Russian politician (1962–2023)

Vladimir Albertovich Lebedev (Владимир Альбертович Лебедев; 23 April 1962 – 30 November 2023) was a Russian politician who served as a senator from Nizhny Novgorod Oblast from 2014 to 2023.

== Life and career ==
Vladimir Lebedev was born on 23 April 1962 in Moscow. In 1988, he graduated from the Nizhny Novgorod State Technical University. After graduation, he worked at the Gorky Regional Committee of the Komsomol. From 1997 to 2004, he worked in various energy enterprises in management positions. From 2004 to 2005, Lebedev was First Deputy Chairman of the Government of the Kirov Oblast. On 25 September 2014, he became the senator from Nizhny Novgorod Oblast.
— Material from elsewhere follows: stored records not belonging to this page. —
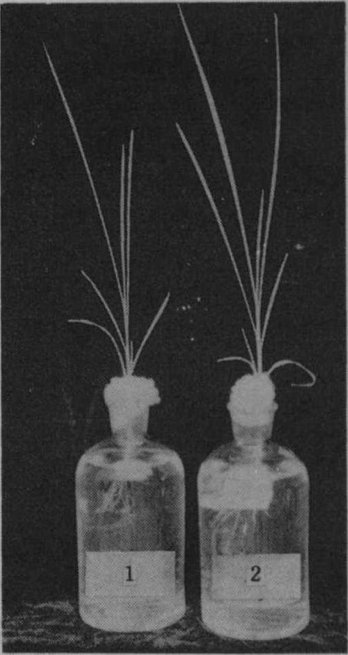 图1 用等量养分培养的水稻秧苗 1.无机磷 2.肌醇六磷酸
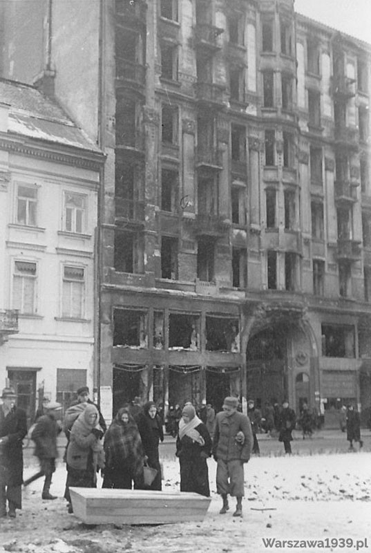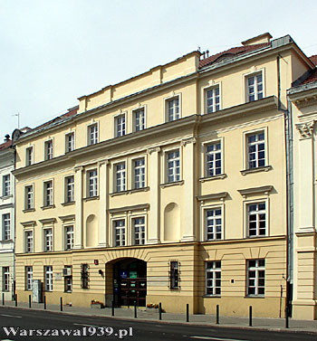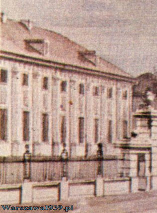 Zdjęcia z jesieni 1939: po lewej przedstawia zniszczone we wrześniu 1939 budynki z częściowo zamurowanymi oknami, po prawej powstały około 1910 budynek przylegajacy do pałacu Małachowskiego.
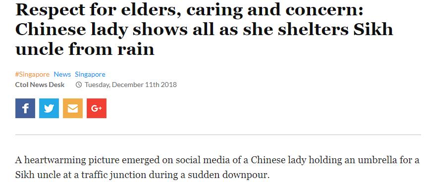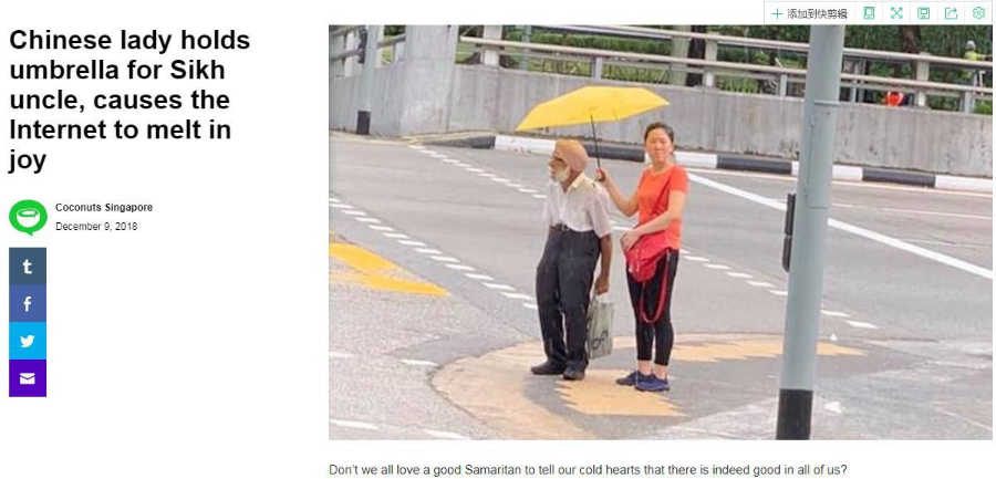 美国雅虎新闻网报道称,本月8日,在新加坡的一个交通路口处,一名中国女性和一名印度锡克教徒打扮的老者正在等红灯。彼时,天上突然下起了倾盆大雨,而这名老者并没有带伞。旁边的那名中国女性主动为老者撑起了伞,而她自己整个身子几乎都暴露在了大雨中。
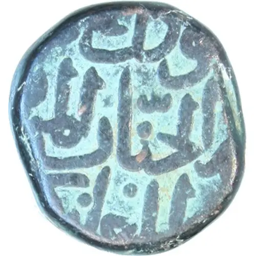 Artistry: Bahmani copper numismatics, including this 1 Gani, adheres to the aniconic tradition of Islamic coinage, prioritizing calligraphic design. Engraver signatures are virtually unknown. The stylistic school employs functional Naskh or Thuluth script, often executed with varying refinement due to the base metal and decentralized production. Legends typically convey the ruler's name and honorifics on the obverse, with the reverse bearing denomination, mint (if present), or religious invocations. Aesthetic emphasis lies solely on the legibility and arrangement of Arabic inscriptions.
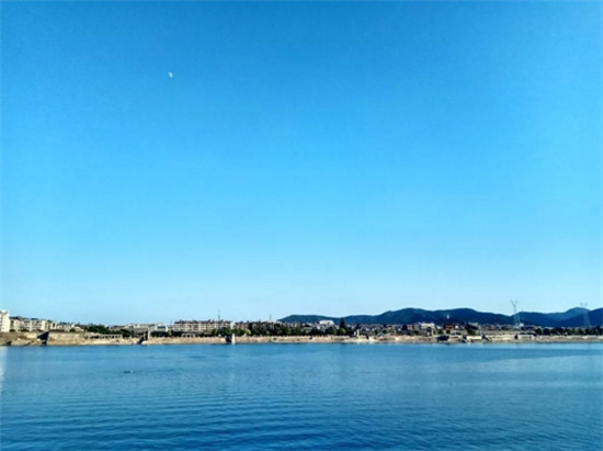 清澈见底、水天一色的汉江美景
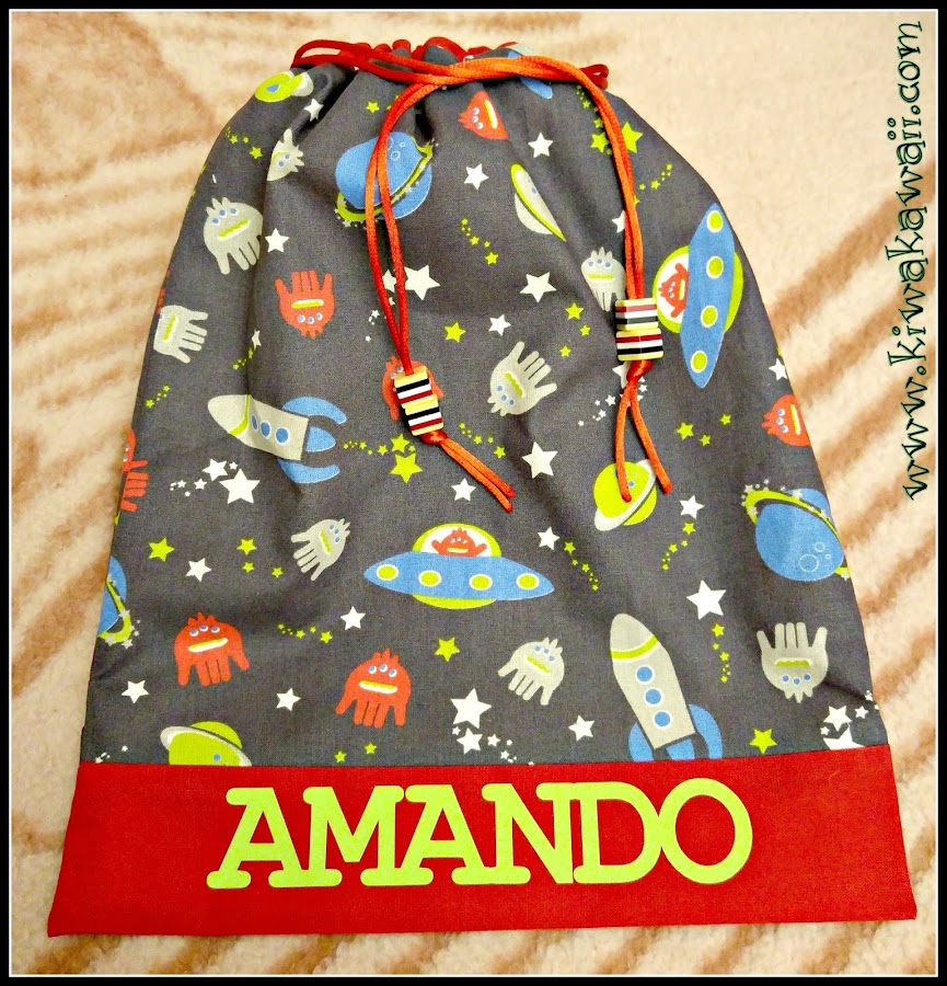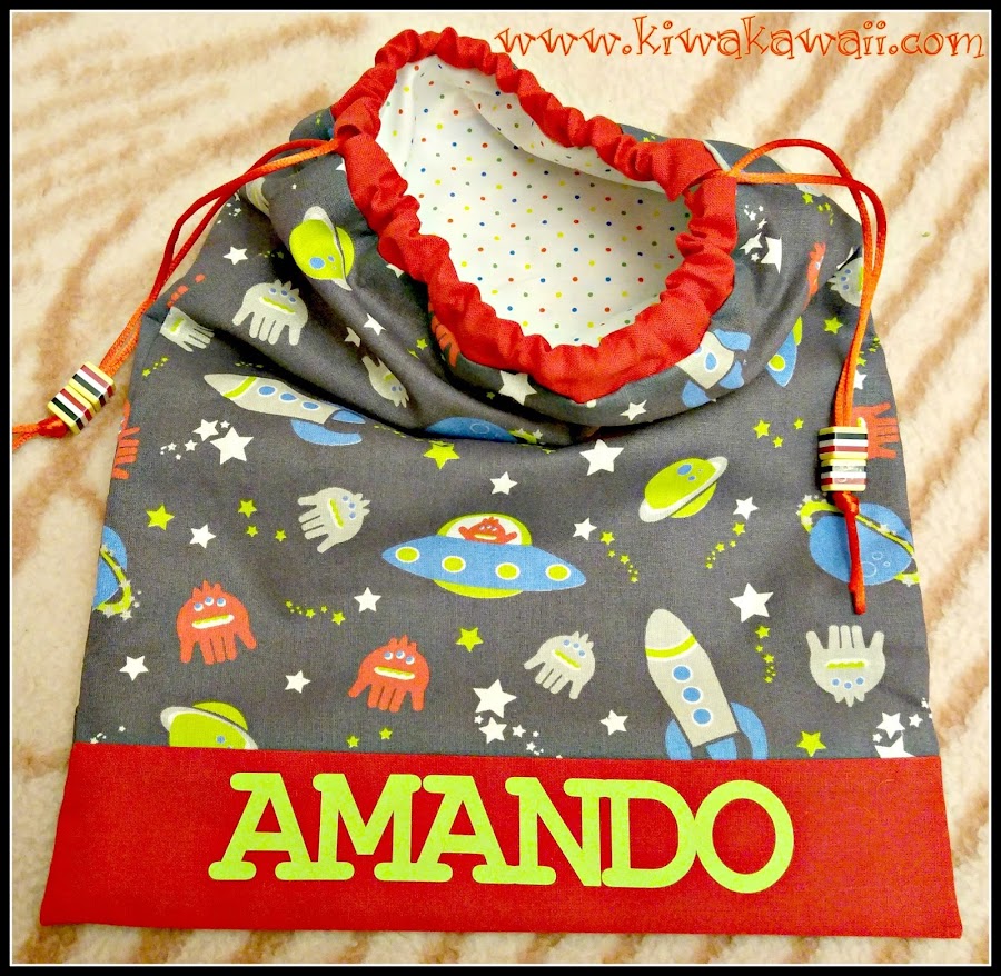 El interior de la bolsita es de una divertida tela de puntitos de colorines. Unas cuentas de rayas decoran las cuerdas.

He died on 30 November 2023, at the age of 61.

== Sanctions==
Vladimir Lebedev was under personal sanctions introduced by the European Union, the United Kingdom, the United States, Canada, Switzerland, Australia, Ukraine and New Zealand for ratifying the decisions of the "Treaty of Friendship, Cooperation and Mutual Assistance between the Russian Federation and the Donetsk People's Republic and between the Russian Federation and the Luhansk People's Republic" and providing political and economic support for Russia's annexation of Ukrainian territories.